REQUIREMENT - Each line below needs to be returned exactly. Skip any picture.

DATA EXTRACT -
+ + + + +
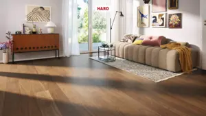 Die HARO Landhausdiele im Format 2200 x 180 mm überzeugt durch ihre raffinierte Verarbeitung und das harmonische Holzbild. Mit der lebhaften Sortierung erhält jeder Boden einen einzigartigen Charakter. Das Parkett der Serie 4000 vereint zeitlose Optik mit höchster Funktionalität.
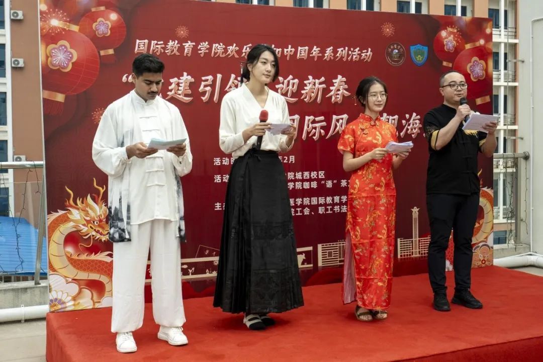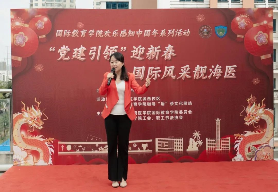 开幕式致辞展情怀。海南医学院副校长李现红表示,中国年和“中国红”,是中华文化的重要组成部分,它承载着丰厚的历史底蕴,展现独特的中华民族精神。在这样重要的时刻,我们不仅是庆祝农历新年的到来,更是在传承和弘扬中华优秀传统文化。欢乐感知中国年系列活动,也让国际学生更好地感知中国,感受春节魅力,深入了解和体验中华文化的博大精深。
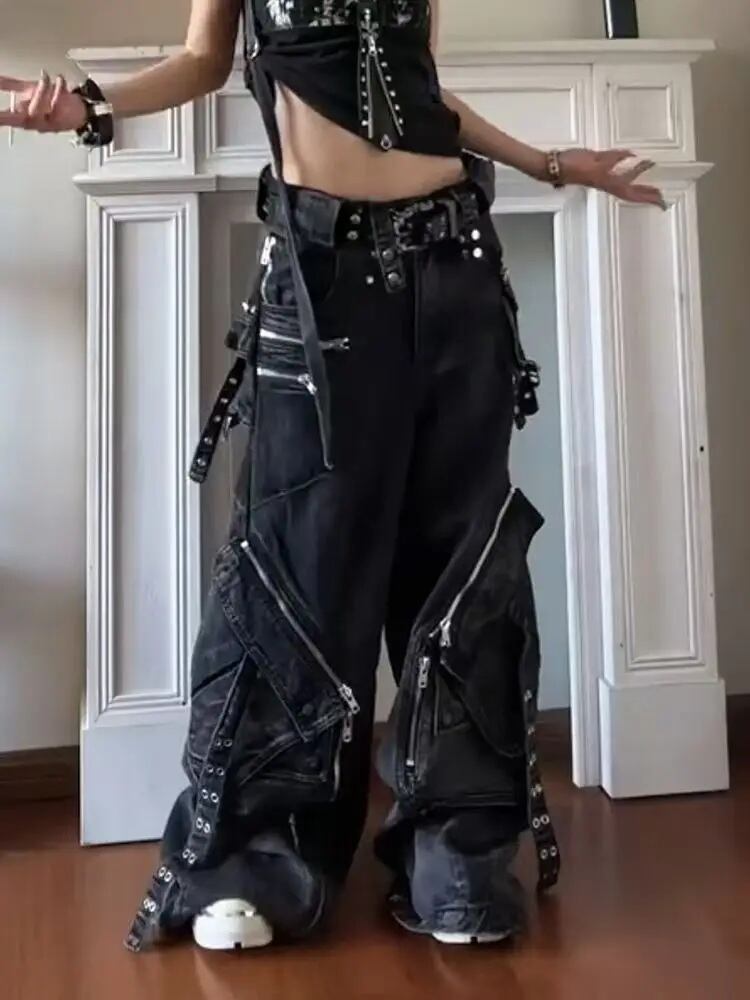 デニム カーゴ パンツ マルチ ポケット ストラップ 韓国 ストリート系 ダンス 衣装 K-POP HIPHOP グランジ 黒 レディース 9J-74
+ + + + +
TASK RESPONSE -
 Die HARO Landhausdiele im Format 2200 x 180 mm überzeugt durch ihre raffinierte Verarbeitung und das harmonische Holzbild. Mit der lebhaften Sortierung erhält jeder Boden einen einzigartigen Charakter. Das Parkett der Serie 4000 vereint zeitlose Optik mit höchster Funktionalität.
 开幕式致辞展情怀。海南医学院副校长李现红表示,中国年和“中国红”,是中华文化的重要组成部分,它承载着丰厚的历史底蕴,展现独特的中华民族精神。在这样重要的时刻,我们不仅是庆祝农历新年的到来,更是在传承和弘扬中华优秀传统文化。欢乐感知中国年系列活动,也让国际学生更好地感知中国,感受春节魅力,深入了解和体验中华文化的博大精深。
 デニム カーゴ パンツ マルチ ポケット ストラップ 韓国 ストリート系 ダンス 衣装 K-POP HIPHOP グランジ 黒 レディース 9J-74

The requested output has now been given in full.